Que não se fazia ideia do que se esperar é mentira.
Era a primeira vez que iria assistir a uma peça de José Celso Martinez Corrêa. Ele ia me descabaçar, como o próprio Zé diria. No entanto, a tal Macumba Antropófaga já estava tão bem e mal falada, que surpresa ia ser algo difícil de acontecer. Pois que o destino fez questão de surpreender a todos, inclusive o próprio Oficina Uzyna Uzona. Pela primeira vez em Bauru para se apresentar – anteriormente só haviam realizado oficinas teatrais -, o grupo também comemoraria ali seu aniversário de 25 anos (“pós-exílio”, segundo Zé Celso) e 50 anos do principal ator da companhia, Marcelo Drummond, que interpretou grandes personagens como Euclides da Cunha, Dionísius e Oswald de Andrade. 

Não era o Rei da Vela – primeiro espetáculo do Oficina -, mas novamente Oswald era a estrela de Macumba Antropófaga, afinal, baseada no Manifesto Antropofágico redigido por ele. A peça peregrina pelo o que seria a deparação do escritor com a realidade da cultura brasileira, totalmente influenciada e entregue aos padrões da Europa. Uma cultura Macunaímizada – sem caráter. Dessa visão, Oswald parte para a transcrição do seu manifesto feito de carne, que pede para ser comido, digerido.

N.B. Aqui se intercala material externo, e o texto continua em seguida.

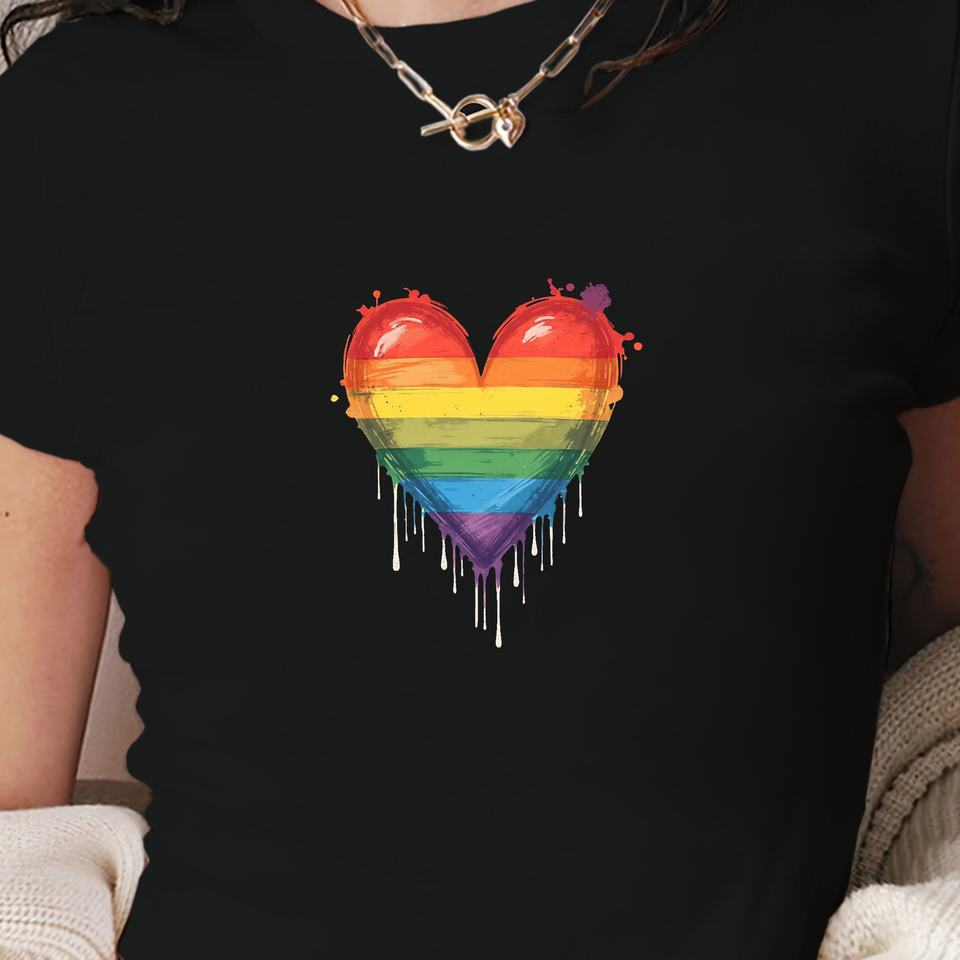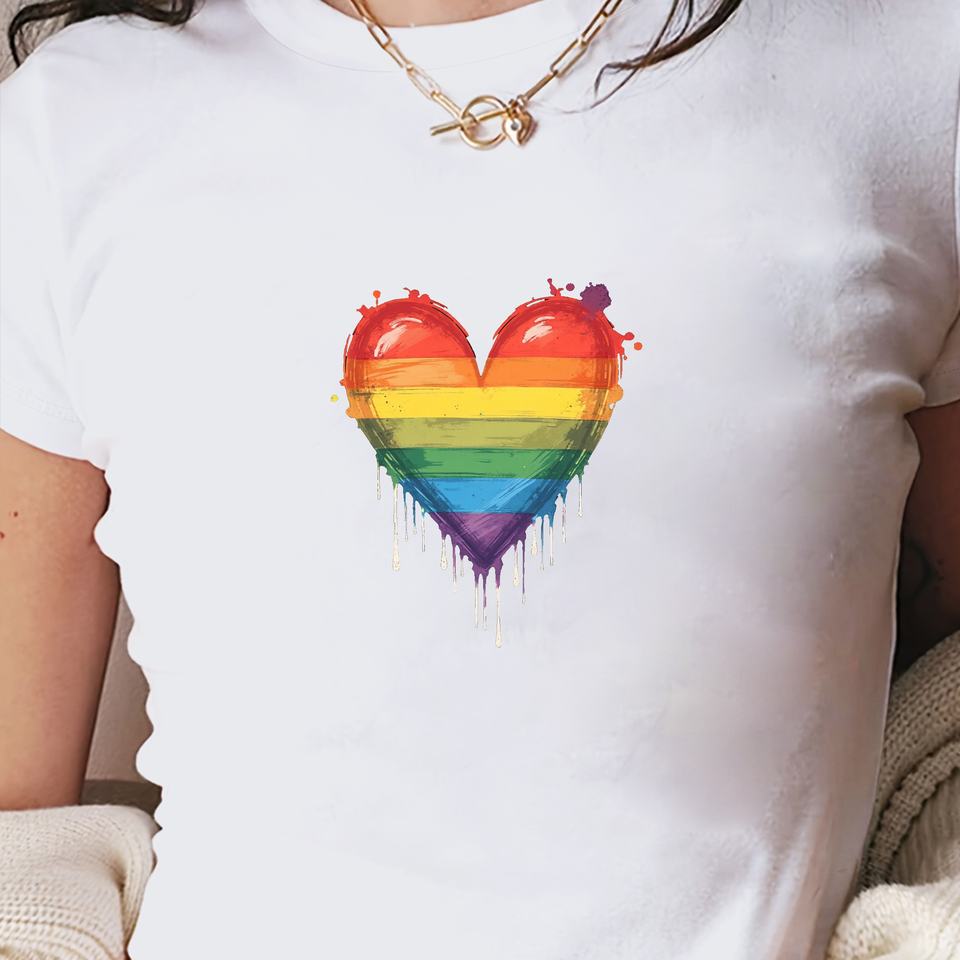 เสื้อยืดแฟชั่นผู้หญิงทรงเข้ารูป Y2K ลายหัวใจสีรุ้งและลายสาดสี ผ้าถัก

Disso o que salta ao palco são as representações de tabus canibais, dos grupos de ódio. A moral, a igreja, o conservadorismo político, o capital, o SEXO. Sim, não é segredo algum que a nudez é posta em cena do inicio ao fim, é a linguagem do Oficina. É também o que eles crêem ser uma das chaves para a libertação de todos os males, pecados da sociedade. Males e pecados que não é outra coisa senão o atendimento do desejo legítimo da humanidade do ser. Quem não se entrega se trai. 

Só experimentando pra poder falar.

Entregar-se, participar do espetáculo a certa altura tornou-se necessário à busca de sentido de tanto discurso cantado em coro, acompanhado por uma banda demasiadamente boa - (E também pela falta íntima que o tablado me fazia). 

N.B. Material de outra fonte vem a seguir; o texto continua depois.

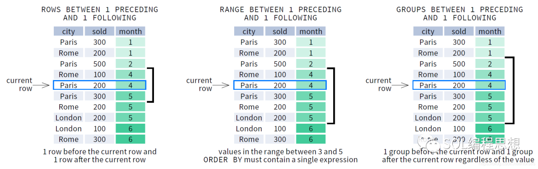 第一个窗口使用 ROWS 选项,包含了前后各 1 行以及当前行;第二个窗口使用 RANGE 选项,包含了当前行的数值减去 1(4-1=3)到当前行的数值加上 1(4+1=5)之间的所有数据;第三个窗口使用 GROUPS 选项,包含了前后各 1 组(ORDER BY 排序相同的数据为一组)和当前行。
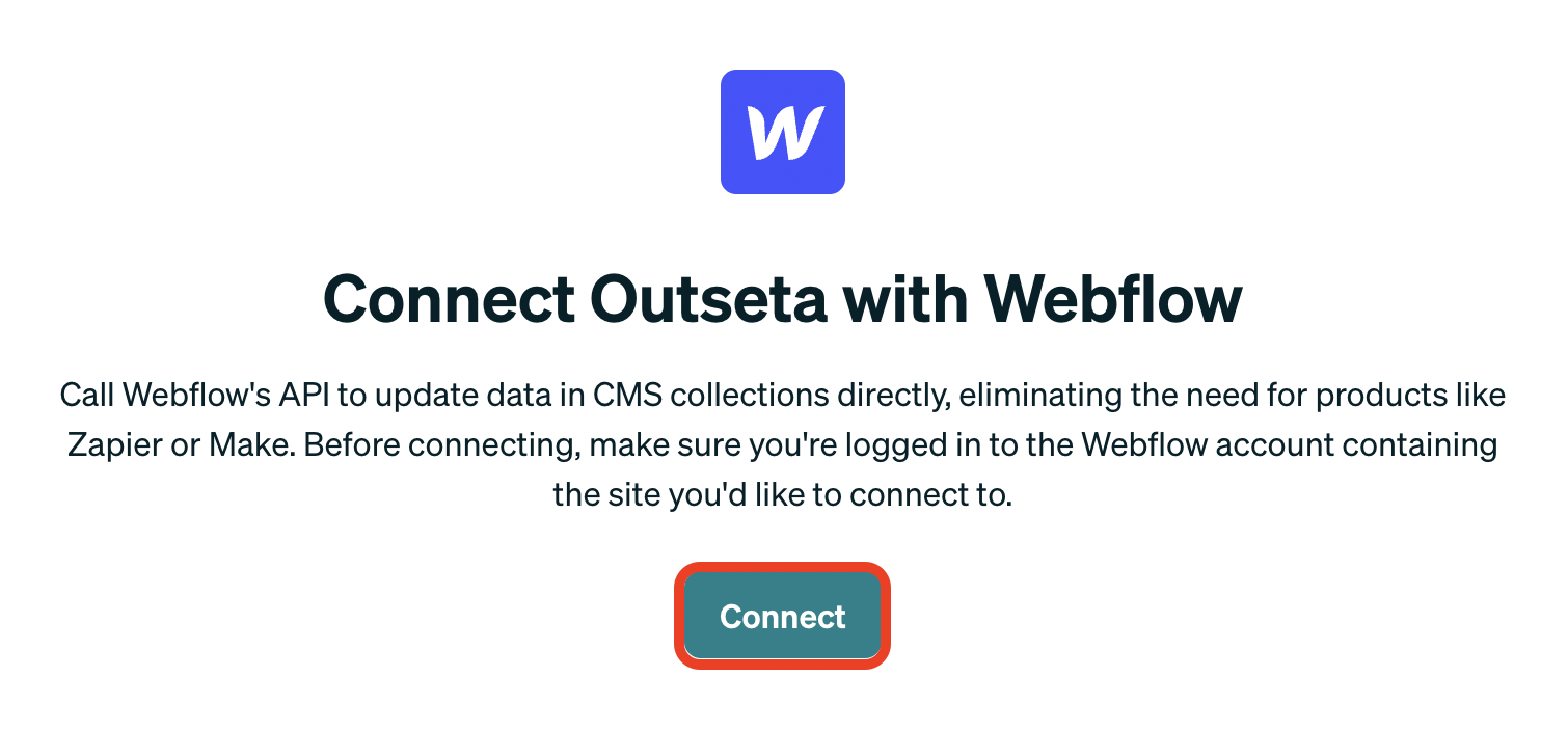 3. Select the Webflow site you want to connect to Outseta and click AUTHORIZE APP.

A nudez do público exposta ao próprio público. Eu topei. Não posso afirmar com certeza, mas quem já viu Macumba Antropófaga e não tirou a roupa pode dizer se estou certo ou errado. O desafio não é só daqueles que se despem e passam a integrar o elenco, mas também, e talvez principalmente, daqueles que se mantém sentados, apenas assistindo, ou com vontade de fazer o mesmo só que sem coragem, ou com um olhar reprovador, de incredulidade, de julgo daqueles que ali deixaram se levar por um velho de 75 anos. 

Um velho que revolucionou o teatro brasileiro e deixa até carolas molhadinhas, diga-se de passagem.

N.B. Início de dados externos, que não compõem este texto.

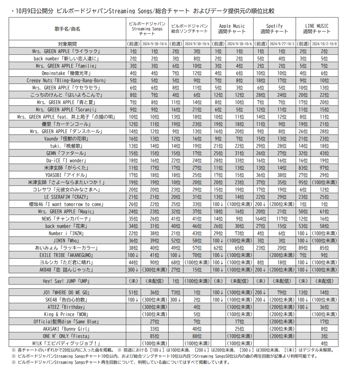 (Creepy Nuts「オトノケ」はビルボードジャパンによる総合およびストリーミング指標、また主要サブスクサービスで20位以内に入っていませんが、Apple Music週間チャートでは36位、LINE MUSICでは32位に初登場を果たしています。なおSpotify週間チャートの集計期間は「オトノケ」リリース前日となる10月3日までとなります。)

Enfim, após a participação, o intervalo e o retorno para o segundo ato. O que se vê são mais marteladas sobre o comportamento humano enlatado. É um teatro de militância sem partido. O nu já não assusta ou causa espanto com o tempo. Apenas para uma senhora que sentada na arquibancada de frente para mim olha para os lados, na maioria das vezes para cima, com um ar blasé e comenta com a colega algo que pode ser: “Que absurdo! Isso é ridículo”. Calma, tia! Não é tão ruim assim. Era só um baseado. Eram só dois atores se passando por recém-nascidos se comendo. Era só uma chupadinha ali e outra aqui. Calma, nunca pense que já viu tudo nessa vida. 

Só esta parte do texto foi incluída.